Ce programme a du bon, mais il a aussi des effets pervers. Pour certains producteurs, c'est carrément devenu une béquille, note Michel Saint-Pierre, un ancien sous-ministre à l'Agriculture qui a également dirigé la Financière agricole. En principe, le budget de l'ASRA devrait s'équilibrer de lui-même. Quand les prix courants ne couvrent pas les dépenses des producteurs, ceux-ci reçoivent une indemnité. Les années fastes, la caisse est censée se renflouer. Mais certains secteurs, comme l'agneau, n'ont jamais réussi à le faire. Ils survivent année après année grâce aux chèques de l'ASRA.

De plus, les agriculteurs et les banquiers ont tendance à privilégier les 17 productions «stabilisées», un biais parfois désastreux pour la diversification. C'est ainsi que les meilleures vignes du Québec, celles de la maison Dietrich-Jooss, ont été arrachées il y a quelques années pour faire place à un champ de maïs. Une production assurable comme le maïs-grain offre une bien meilleure garantie de rentabilité! Les maraîchers, dont les légumes ne sont pas couverts par l'ASRA, ont encore de la difficulté à acheter des terres dans les régions où il se cultive du maïs, nous dit-on. Aux yeux d'un banquier, leur dossier est moins rassurant que celui d'un producteur soutenu par l'ASRA.

À cela s'ajoute le déficit du Fonds d'assurance stabilisation, qui frise les 800 millions. Trop gros pour espérer que les coffres se renflouent d'eux-mêmes.
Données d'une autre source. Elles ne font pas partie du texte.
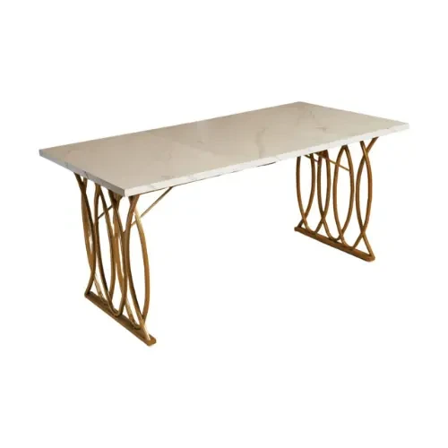 طاولة طعام مستطيلة تجمع بين صلابة الرخام الطبيعي وأناقة المعدن الذهبي. صُممت لتكون القطعة المركزية في غرفة الطعام، حيث تدمج بين الخطوط الهندسية المبتكرة والمواد عالية الجودة لتمنح منزلك طابعاً من الرقي الذي لا يتقادم.

Nous ne suggérons pas de couper les vivres à l'agriculture, tous les pays industrialisés soutiennent cette activité. Mais il va falloir arrêter de compter sur l'ASRA pour régler tous les problèmes. Le taux d'endettement moyen des fermes est beaucoup plus élevé au Québec qu'ailleurs en Amérique du Nord. Il faudrait y voir avant que les taux d'intérêt ne se mettent à remonter. Et même dans les secteurs qui ont toujours dépendu de l'ASRA, comme l'agneau, il y a des éleveurs qui réussissent très bien. Pourquoi ne pas aider les autres à devenir plus rentables, au lieu de leur envoyer un chèque année après année pour compenser le fait qu'ils ne le sont pas?
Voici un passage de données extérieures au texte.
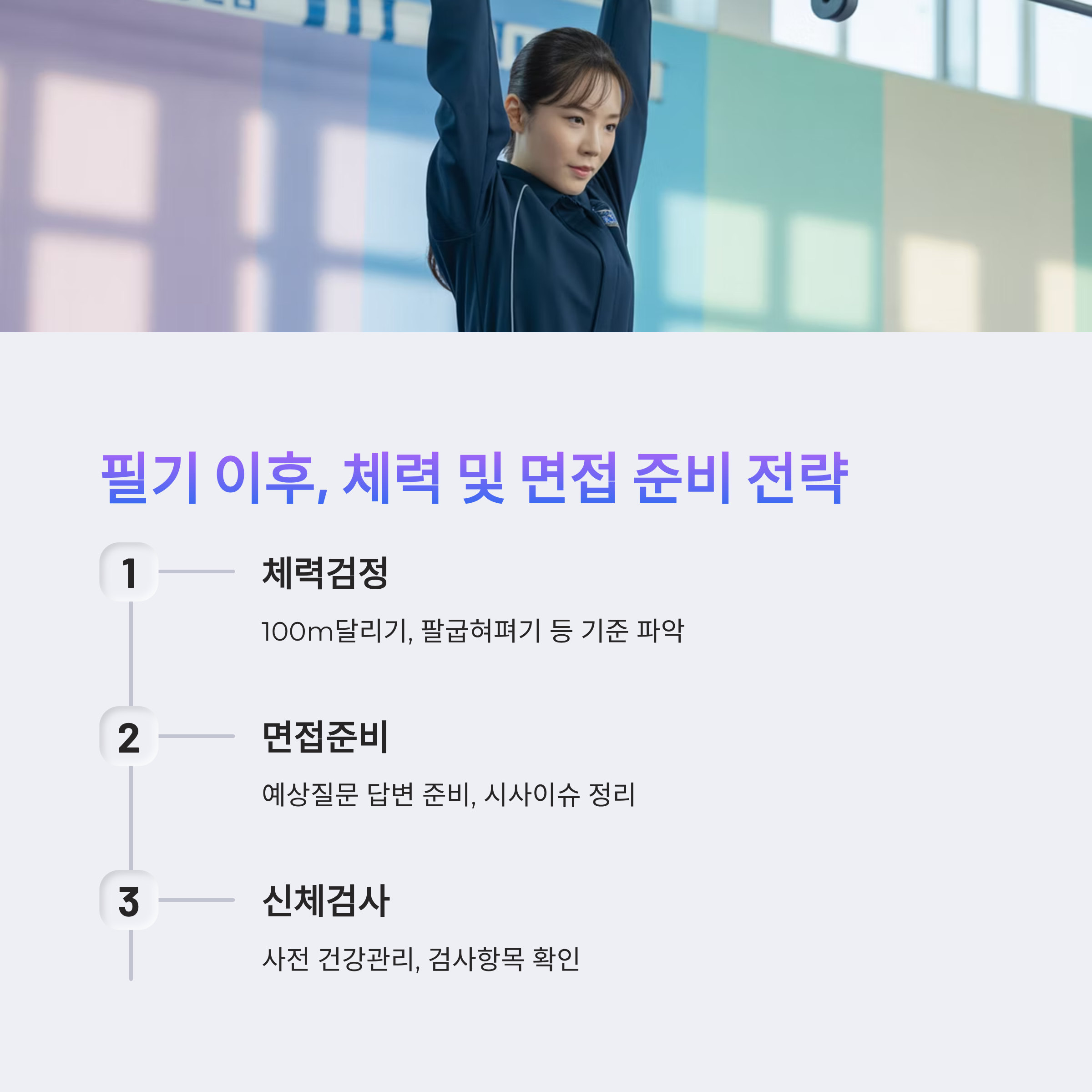 체력과 면접, 미리미리 준비해야 최종 합격합니다. 💪

Le nouveau système proposé par Michel Saint-Pierre est trop technique pour que nous entrions ici dans les détails. Le ministre de l'Agriculture lui-même a demandé plus de temps pour l'analyser. Il ne faudrait pas en profiter pour faire disparaître le rapport sur une tablette. Car les problèmes qu'il signale, eux, ne disparaîtront pas d'eux-mêmes.